Arrangement of the heme biosynthetic pathway in algae with complex plastids.

Inferred origins of enzymes are represented by colored boxes with flags where applicable. Localizations of B. natans and G. theta enzymes were predicted by SignalP and TargetP (see Material and Methods). Dashed arrows indicate a possible dual localization of UROS in both the cytosol and the plastid of B. natans. Only key metabolites are shown for clarity, for example the starting substrates for mitochondrial-cytosolic C4 (succinyl-CoA and glycine) and plastid C5 pathways (glutamyl-tRNAGlu).

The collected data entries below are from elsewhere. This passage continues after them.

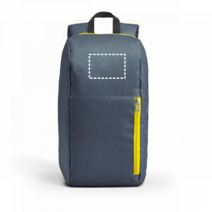 600D backpack with zipped front pocket. 210D padded straps and back with padded back support system. Capacity up to 10 L. 245 x 400 x 115 mm
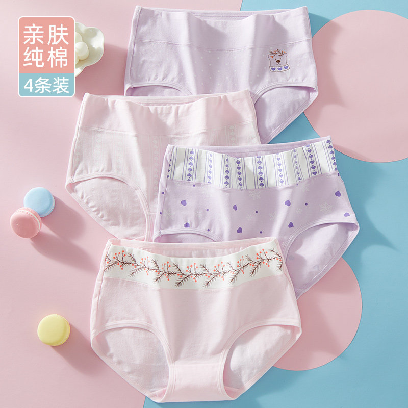 3条黛丝少女内裤纯棉生理裤高腰月经期防侧漏姨妈透气柔软三角裤
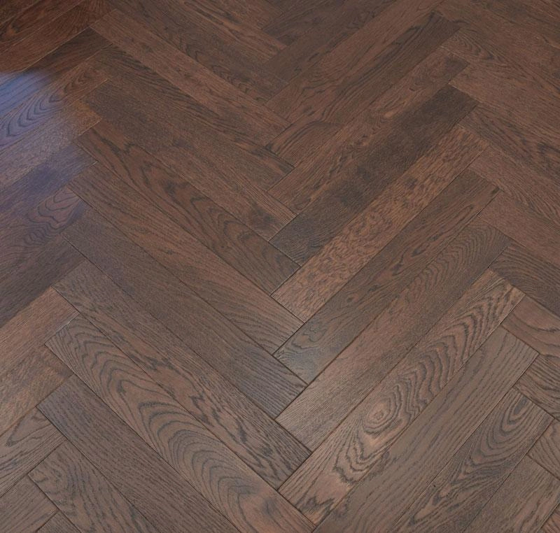 A refined Dark Oak Herringbone Manor engineered wooden floor in 600 x 90 mm planks (15 mm thickness) that pairs elegant visual appeal with reliable performance. Crafted as engineered hardwood, these brown indoor boards reproduce the warmth of solid timber while offering superior dimensional stability for both residential and commercial projects. Supplied in packs of 30 pieces for convenient installation, this flooring is built to create a robust, long-lasting surface and comes with a 30-year residential warranty.
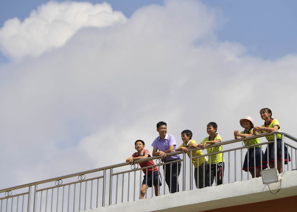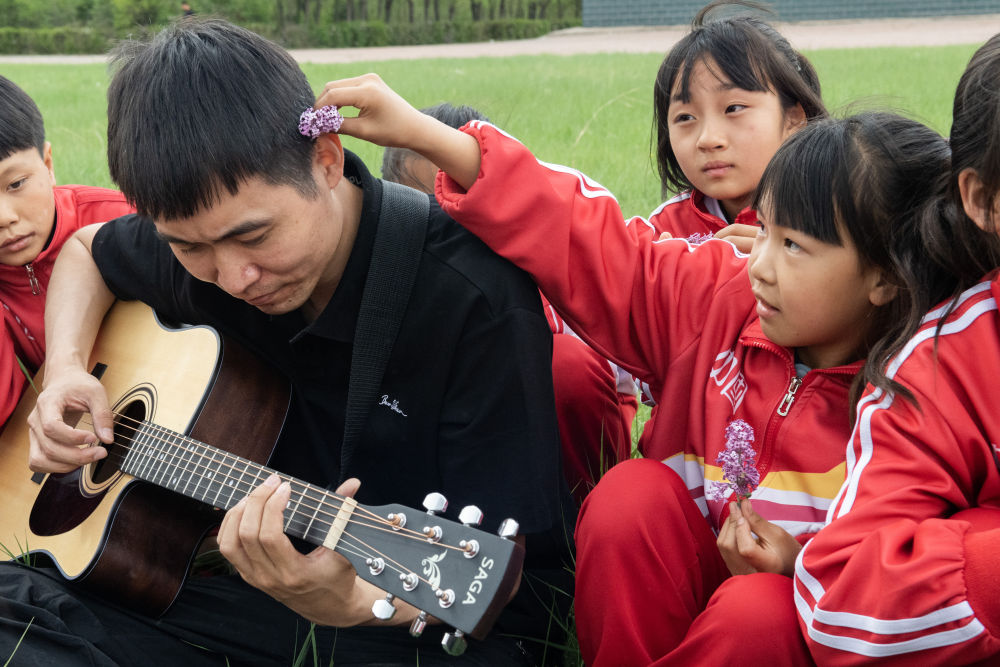 ↑2021年8月31日,在江西于都县仙下乡龙溪小学任教的朱森林和学生们聊天。2005年,朱森林从龙溪小学毕业;2014年,他回到母校,投身乡村教育事业。 新华社记者 彭昭之 摄
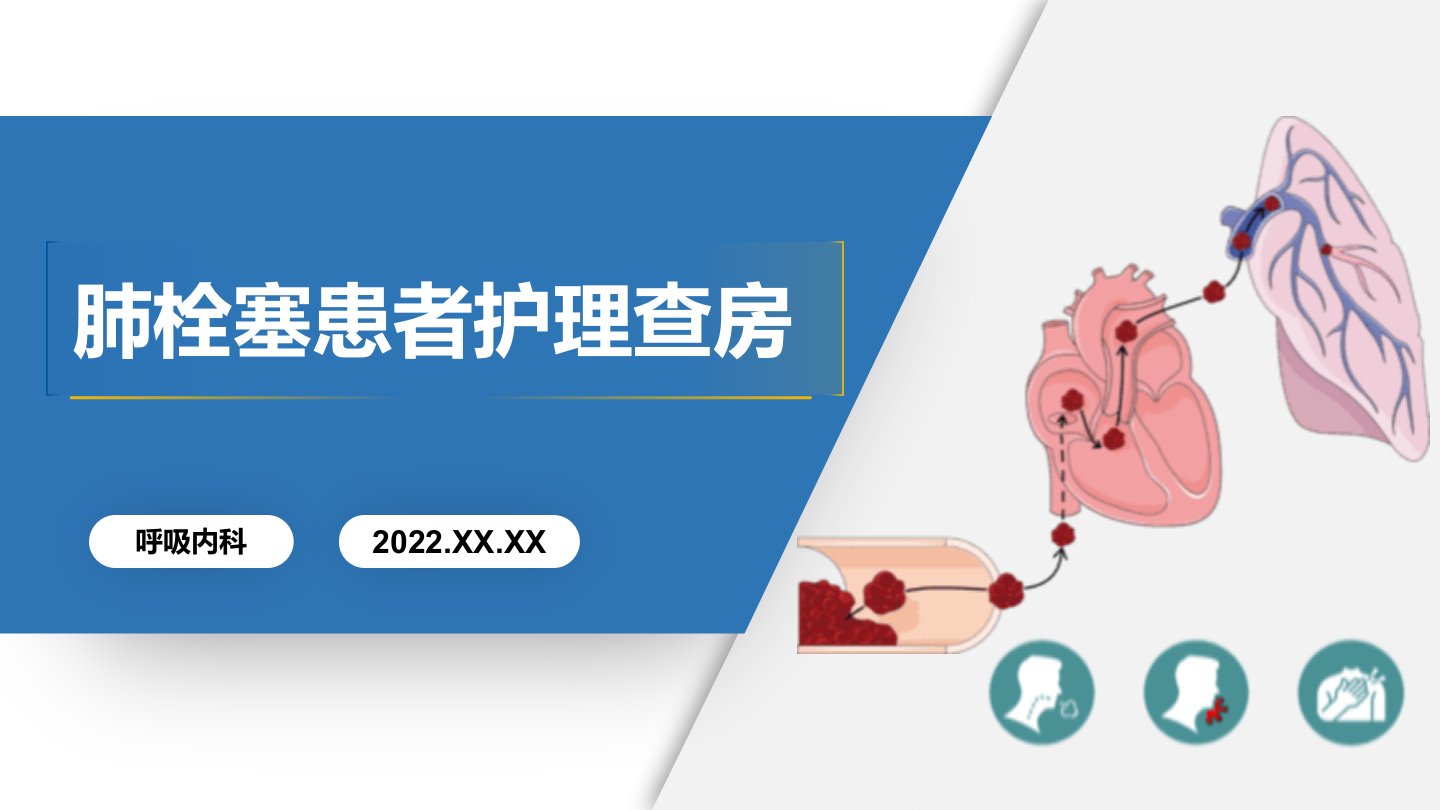 肺栓塞定义肺栓塞(Pulmonaryembolism,PE):内源性或外源性的栓子堵塞肺动脉主干或分支引起肺循环障碍的临床和病理生理综合征,肺栓塞引出的肺组织发生坏死的病理改变,称为肺梗死。发病率高,在心血管疾病中仅次于冠心病和高血压易漏诊及误诊,国内漏诊率达80%以上不经治疗死亡率高,可高达20%--30%仅次于肿瘤及心肌梗死诊断明确并经过积极治疗者,死亡率可明显下降,可下降至2%--8%肺栓塞的分类血栓栓塞症(最为常见)栓子的来源深静脉血栓脂肪栓附壁血栓羊水栓其他如空气栓骨折(髋部或大腿)大型普外科手术/大的创伤髋或膝关节置换/脊髓损伤关节镜膝部手术/中心静脉置管化疗/慢性心衰或呼吸衰竭/...
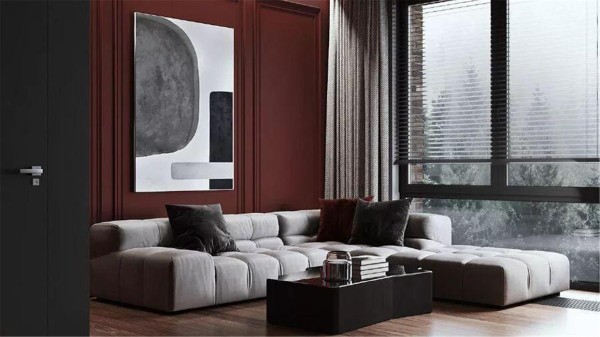 第三种我比较喜欢的配色是砖红色配黑色,红配黑,其实是一个比较经典的搭配了。但是如果红色太红会让人焦虑,黑太黑的话会让人很压抑,所以我们在这个颜色一定要选择好,砖红是一个很不错的选择。因为砖红它的明度比较低它又很有质,但黑色一定不要选择纯黑色。可以选择黑灰色或者是带一些大理石纹路的黑色,这样的话整体搭配起来会更有感觉更有质感。
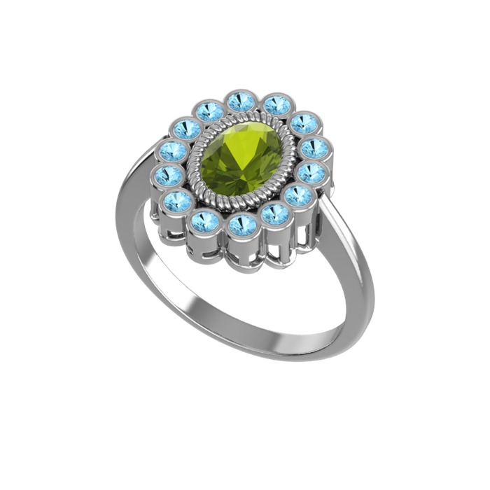 Peridot ve akuamarin 925 ayar gümüş yüzük
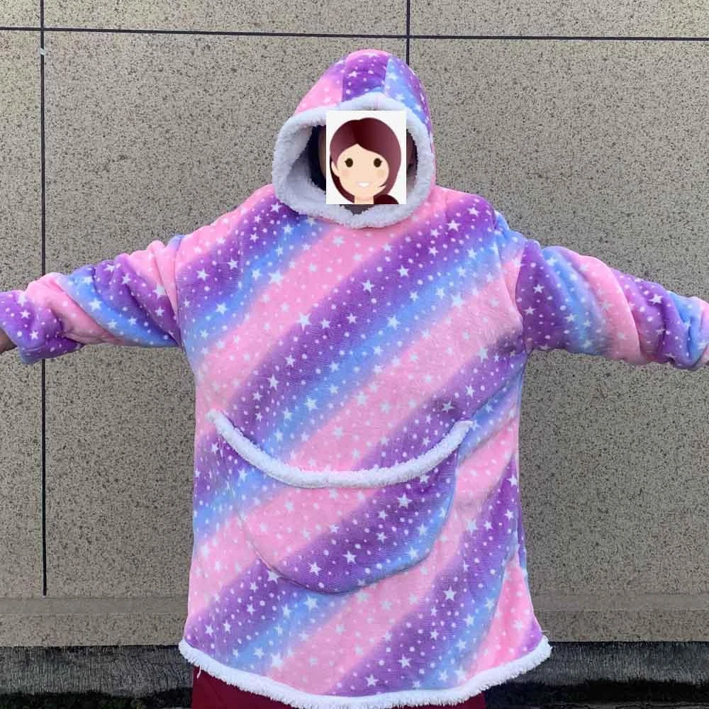 FREE SHIPPING 30 DAYS RETURN EASY PAYMENT Oversized Blanket Hoodie Men Women Gray Big Warm Blanket Hoodie Sweatshirt with Size Measurement Diagram Tips: Clothes Length is from the shoulders to the bottom. Suggest Adults Height 160-180cm Manual measurement may result in 1-3 cm errors, please understand. Thanks ! Features: 1. Fabric:Flannel+Polar Fleece Made of ultra-soft flannel fleece and lined with warming, Sherpa comfort 2. Hooded loose hoodied, easy to wear and off, you can wear the clothes in reverse; 3. The front pockets is cute, the hands can extend into the pockets to keep warm. 4. The cuffs have windproof and warm ribs, which makes the clothes more functional; 5. Normal washing:Machine washable dry hand wash; 6. Package: The package may be squeezed during packing or transportation, especially when purchasing multiple items, open and hang for some time after receiving the goods, the clothes will be restored to the original state. Real photos taken by mobile phone REVIEWS The product came very well packaged. I'm very happy. thank you for everything. Seller strongly recommended. This is great! I definitely recommend! Product looks amazing Delivery was fast. Excellent seller, great communication. I advise everyone
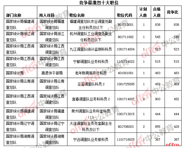 2017國考報(bào)名結(jié)束:統(tǒng)計(jì)局過審45491人 平均競爭比51:1
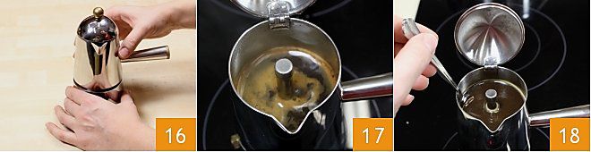 No presionéis con la cucharilla, ni hagáis agujeros y enroscáis bien la cafetera 16 (para evitar que el café se salga por los lados mientras sube), luego ponedla sobre una llama baja y constante, para obtener un café consistente. A medida que el café suba, se formará una espumita densa 17; aconsejamos no dejar hervir demasiado el café, para mantener intactos su aroma y dulzura. Luego apagad el fuego, mezclad el café directamente en la moka con una cucharilla, para hacerlo más homogéneo 18 y vuestro café para usar en la preparación está listo.
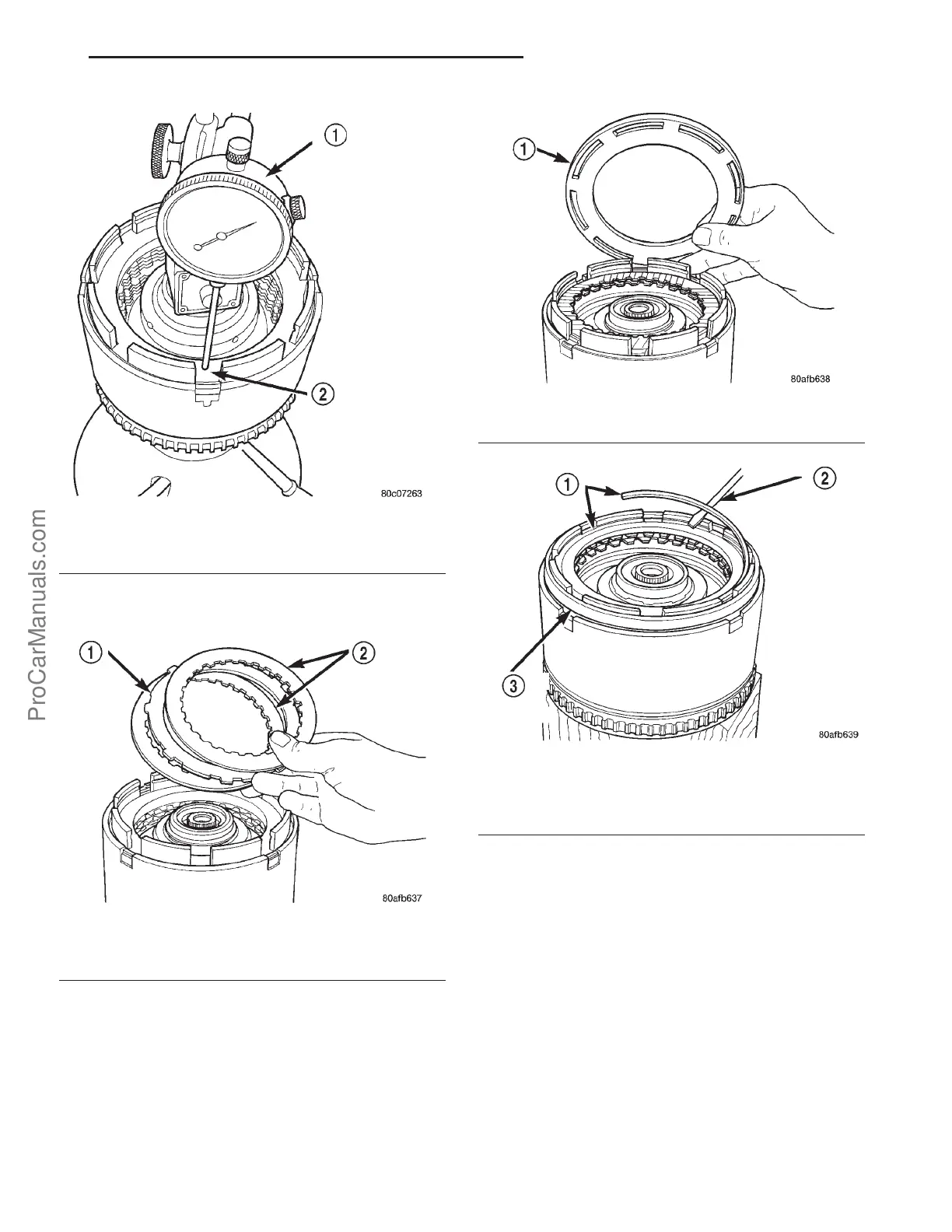 reverse clutch pack measurement in four (4) places,
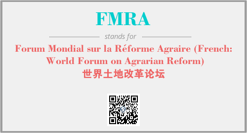 英文缩略词“FMRA”经常作为“Forum Mondial sur la Réforme Agraire (French: World Forum on Agrarian Reform)”的英文缩写来使用,中文表示:“世界土地改革论坛”。本文将详细介绍英文缩写词FMRA所代表英文单词,其对应的中文拼音、详细解释以及在英语中的流行度。此外,还有关于缩略词FMRA的分类、应用领域及相关应用示例等。
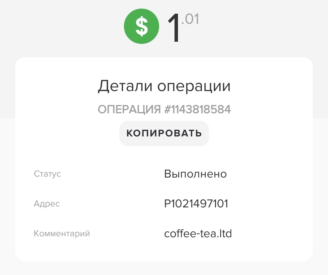 14.09.20 17:07 Receive Received Payment 0.8 USD from account U24989906 to account U773ХХХХ. Batch: 334365735. Memo: API Payment. coffee-tea.ltd.
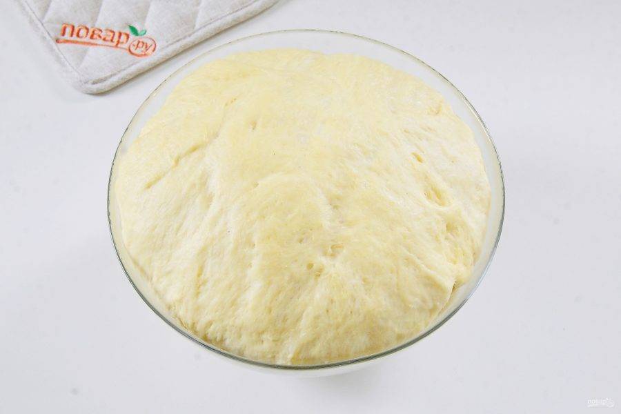 Оставьте тесто для подъема на 4 часа. За это время обомните его 2-3 раза, когда оно будет подниматься.
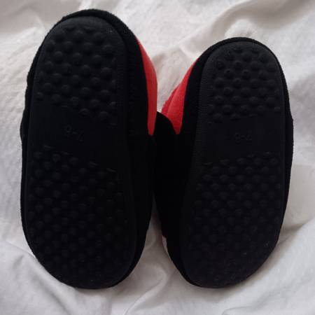 Mickey Mouse Slippers House Shoes Boys or Girls Size 7-8 Mickey's smiling face covers the top of each foot Soft fleece around the ankles and insides Warm and soft Cushioned insoles Bottoms are...
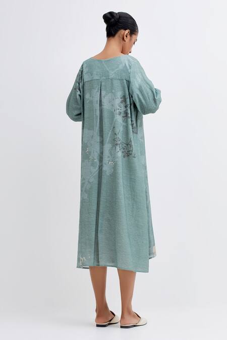 Green Handloom Cotton Applique V-neck Foliage Pattern Jacket With Dress
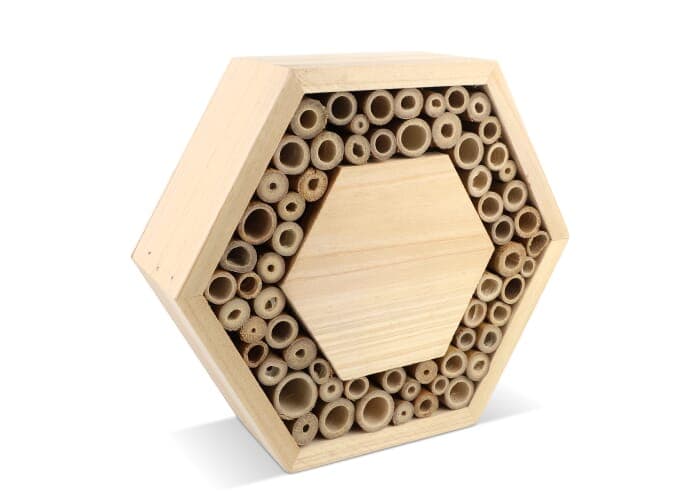 Zeshoekig bijenhuisje gemaakt van FSC-hout met groot centraal drukoppervlak. Geschikt voor solitaire bijen zoals metselbijen en bladbijen. Deze onschadelijke bijen zijn essentiële bestuivers die de biodiversiteit in tuinen en groene ruimtes ondersteunen. Een duurzaam en educatief relatiegeschenk.
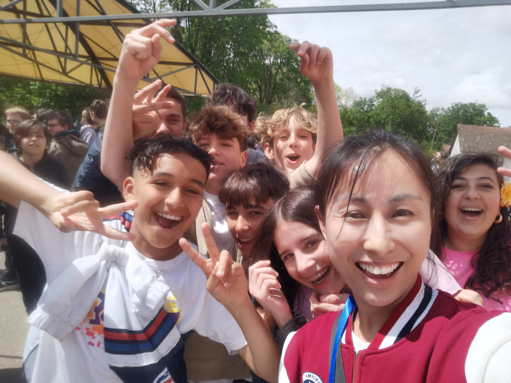 5月3日在路易·莱普林斯—林盖中学,那里的同学们虽然年纪尚轻,但他们对中华文化的热情却无比高涨,让我深受感动,同学们纷纷选择了富有中国传统文化内涵的汉字,如“家”“中”“国”“爱”等,这些汉字不仅体现了他们对中国的热爱,也象征了中法两国之间的深厚友谊。

Parts of the pathway identical to K. foliaceum are not depicted in the D. baltica and G. foliaceum scheme. Schematic representation of organelles: N, N1 –nucleus of the host; N2 –nucleus of the endosymbiont diatom; n—nucleomorph of the endosymbiont; mt—mitochondrion. Enzymes: ALAS—delta-aminolevulinic acid synthase; GTR—glutamate-tRNA reductase; GSA—glutamate-1-semialdehyde 2,1-aminotransferase; ALAD—aminolevulinic acid dehydratase; PBGD—porphobilinogen deaminase; UROS—uroporphyrinogen-III synthase; UROD—uroporphyrinogen decarboxylase; CPOX—coproporphyrinogen oxidase; PPOX—protoporphyrinogen oxidase; FeCH—ferrochelatase. A typical pathway in a primary heterotroph and a primary autotroph are shown for comparison (Kořený and Oborník 2011).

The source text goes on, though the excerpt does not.